Year 2019, Special Issue: Stem Cell, 17 - 32, 01.02.2019
https://doi.org/10.23902/trkjnat.483402

Abstract

Stem cell therapy
offers a great advantage for the development of new treatments in the field of
regenerative and restorative medicine. However, the use of stem cell therapies
and their clinical indications can even be further improved using genetic modification
of the cells.

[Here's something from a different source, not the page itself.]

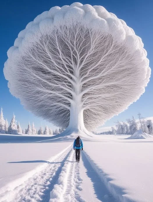 Зима на Алясці не просто малює пейзажі, вона перетворює їх на живі скульптури. Цей захоплюючий гігант вирізаний не людськими руками, а терпляче формується вітром, водою та часом. Природа не слідкує за кресленнями, але вона все одно створює досконалість. ❄️🌿 Хтось віре у таке ствотіння? Мені здається, що це штучний інтелект.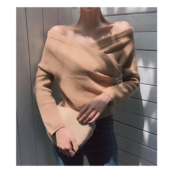 トップス ニット セーター オフショル 長袖 肩出し クロスセーター ニットセーター 秋 冬 デコルテ見せ タイト きれいめ 上品 送料無料

Due to the high level of consanguineous marriages in Turkey, the
country suffers from an increased frequency of inborn genetically
inherited diseases.
Treatment of these diseases is difficult, since 1) diagnosis is often delayed
in rural areas, 2) distance to specialized centers may be considerable, 3)
treatment may require frequent hospital visits and 4) treatment procedures are
often both invasive and expensive.

Here, we discuss the current status of gene therapy of hematopoietic stem cells
(HSCs) for rare, inherited monogenic diseases and the advantages to use these
cells as an alternative treatment option for patients in Turkey. We discuss
results of clinical trials using retroviral and lentiviral gene therapy for the
treatment of immune deficiencies, hemoglobinopathies and several enzyme
deficiencies, new developments in the field of the HSC gene therapy to improve
safety and efficacy and recommendations for the future.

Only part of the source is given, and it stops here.